§ **TASK ITEM**: Transcribe nothing except the lines below that run from the one with "具體詳見《寧夏理工學(xué" to the one with "Les têtes de singe Katja", ends included, and do not copy any picture.

§ **INPUT RECORDS**:
.....

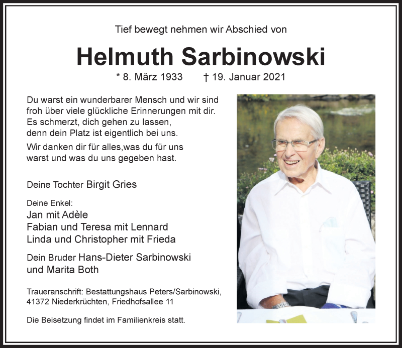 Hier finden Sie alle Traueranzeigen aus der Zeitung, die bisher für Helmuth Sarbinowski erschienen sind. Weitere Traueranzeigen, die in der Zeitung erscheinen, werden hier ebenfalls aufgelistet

.....

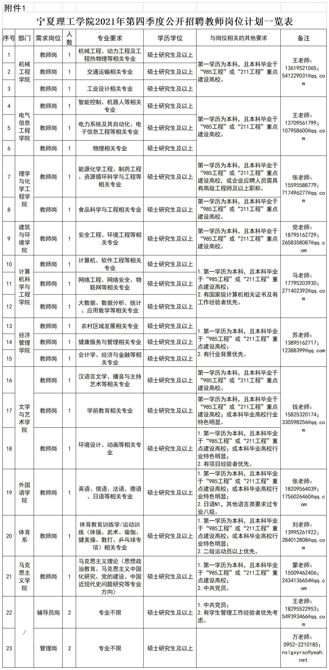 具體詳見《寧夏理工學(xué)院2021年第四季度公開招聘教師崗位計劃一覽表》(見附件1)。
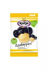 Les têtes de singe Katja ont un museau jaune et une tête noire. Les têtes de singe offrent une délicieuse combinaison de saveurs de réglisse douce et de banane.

.....

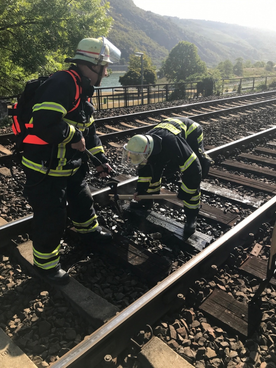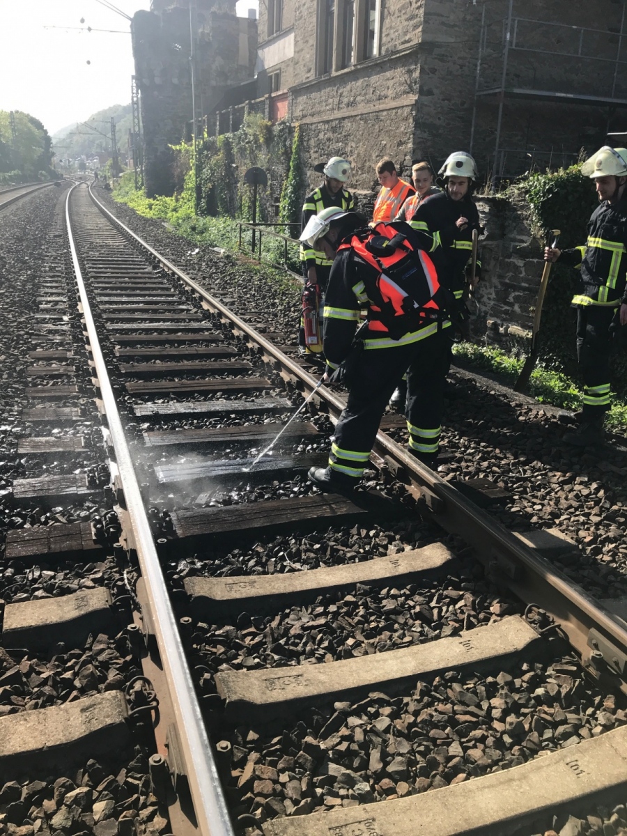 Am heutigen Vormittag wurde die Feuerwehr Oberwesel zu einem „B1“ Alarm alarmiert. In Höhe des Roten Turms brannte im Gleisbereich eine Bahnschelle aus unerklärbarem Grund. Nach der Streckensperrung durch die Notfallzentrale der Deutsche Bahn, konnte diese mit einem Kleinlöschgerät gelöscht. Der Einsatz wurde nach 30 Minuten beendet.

.....

§ **OUTPUT FOR THIS TASK**:
 具體詳見《寧夏理工學(xué)院2021年第四季度公開招聘教師崗位計劃一覽表》(見附件1)。
 Les têtes de singe Katja ont un museau jaune et une tête noire. Les têtes de singe offrent une délicieuse combinaison de saveurs de réglisse douce et de banane.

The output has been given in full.